Des dirigeants qui ne dirigent rien
Les principaux dirigeants sont muets comme des carpes, le message rassurant du ministre de l’Économie et des Finances est contredit par la réalité impitoyable qui expose au grand jour les faiblesses institutionnelles. Une solution durable aurait même été trouvée depuis 2018 selon le ministre de l’époque Jude Alix Patrick Solomon.
En effet, le ministre des Finances a déclaré qu’il n’y a pas ni pénurie ni rareté de carburant quelques jours avant la plus longue pénurie de carburant de l’année, une pénurie confirmée par le président de l’Association nationale des distributeurs des produits pétroliers (ANADIPP) et observée sous chaque station de distribution de produits pétroliers et au niveau de la circulation dans les rues.
Lire aussi : Concrètement, comment fait l’Etat Haïtien pour acheter le pétrole ?
Les représentants de l’état et ceux des distributeurs et opérateurs de produits pétroliers se renvoient la balle. Nous constatons tous le manque de contrôle des autorités sur la situation. Les économistes, appelés à la rescousse, ne s’entendent pas sur une solution ; Haïti est en panne d’idée.
La stagnation et l’incertitude rongent le peu d’élan de cette économie mourante que le moindre choc additionnel risque d’assommer. Comment en sommes-nous arrivés là ? Pourra-t-on s’en sortir ? Peut-on éviter un énième épisode de pénurie de carburant ? Comment résoudre ce problème récurrent une fois pour toutes ?
Au commencement, un problème de trésorerie
À la base tout ceci serait dû à un problème de trésorerie, car l’état n’arriverait pas à honorer ses dettes envers les distributeurs qui en retour ont du mal à placer les commandes. Il tient lieu de signaler que cette explication est incomplète, car ce genre de pénurie se produisait aussi avant quand l’état s’assurait des commandes avant de laisser les rênes aux distributeurs à travers la libéralisation des commandes de produits pétroliers entamée par le BMPAD le 15 mars 2019 avec des conditions qui ne plaisaient pas aux opérateurs.
À cette époque, on imputait la faute à une « pénurie de dollars », au paiement tardif des distributeurs de produits pétroliers, etc.. Parallèlement l’état ne bénéficie plus des avantages dans l’achat de produits pétroliers que lui octroyait le programme Petrocaribe.
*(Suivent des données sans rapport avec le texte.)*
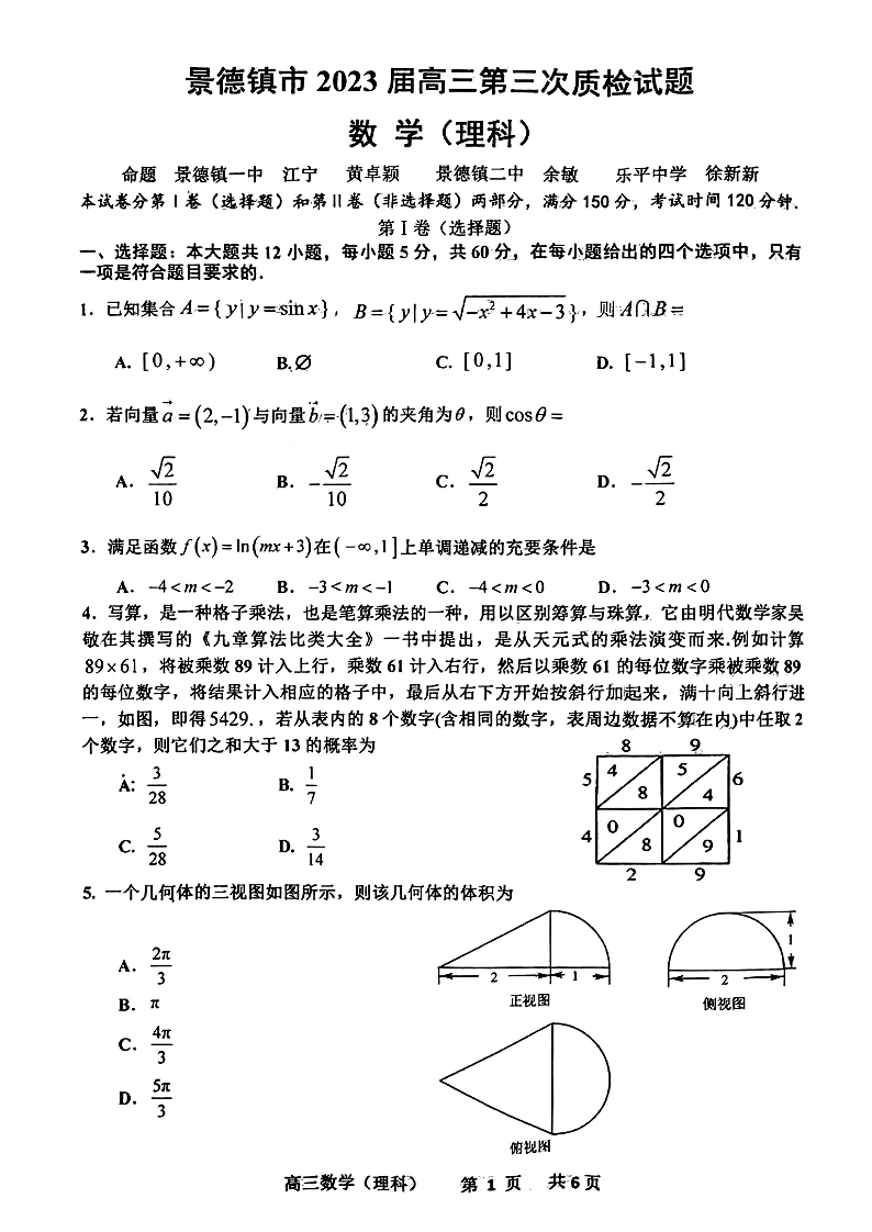 高三理数--江西省景德镇市2023届高三第三次质量检测卷(景德镇三模)

Ce programme étant suspendu depuis avril 2015.
Le Premier ministre démissionnaire Jean-Michel Lapin attribue cette cause à la prolifération de stations d’essence un argument qui ne tient pas la route, car le nombre élevé de nouvelles stations ne saurait provoquer à lui seul une pénurie.
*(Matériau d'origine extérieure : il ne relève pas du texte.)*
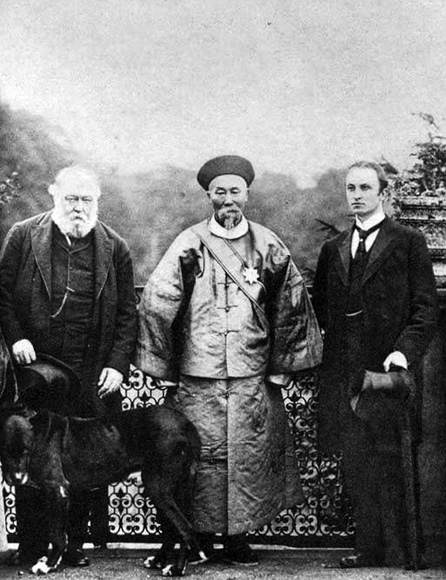 1896年,李鸿章成为清代大臣中第一个进行环球访问的人。访英期间,李鸿章与英国首相兼外交大臣索尔兹伯里(左)、英国外交副大臣寇松(右)合影

Même l’ouragan Dorian est tenu pour responsable de la situation tout comme la courte grève des chauffeurs, car il aurait provoqué un retard dans la livraison.
Le fait est que dans une économie normale ou les institutions fonctionnent les acteurs anticipent ce genre de situation et prennent les mesures pour les éviter. Ainsi l’état aurait déjà épongé sa dette et les distributeurs auraient prévu les perturbations et placé leurs commandes à temps pour maintenir leur rythme de distribution.
Une pénurie qui tombe mal
De plus, cette dernière pénurie tombe en pleine crise politique et socio-économique. Elle est en elle même la marque d’un état failli et la conséquence d’un entêtement dans la mauvaise gouvernance politique et économique.
Si diriger c’est prévoir comme l’a cru Émile de Girardin, nos dirigeants peuvent rendre leur tablier, car suivant la même ligne de pensée de l’auteur, ils courent à leur perte et traineront le pays avec eux dans le gouffre ou la faillite si on s’en tient à l’aspect financier et économique.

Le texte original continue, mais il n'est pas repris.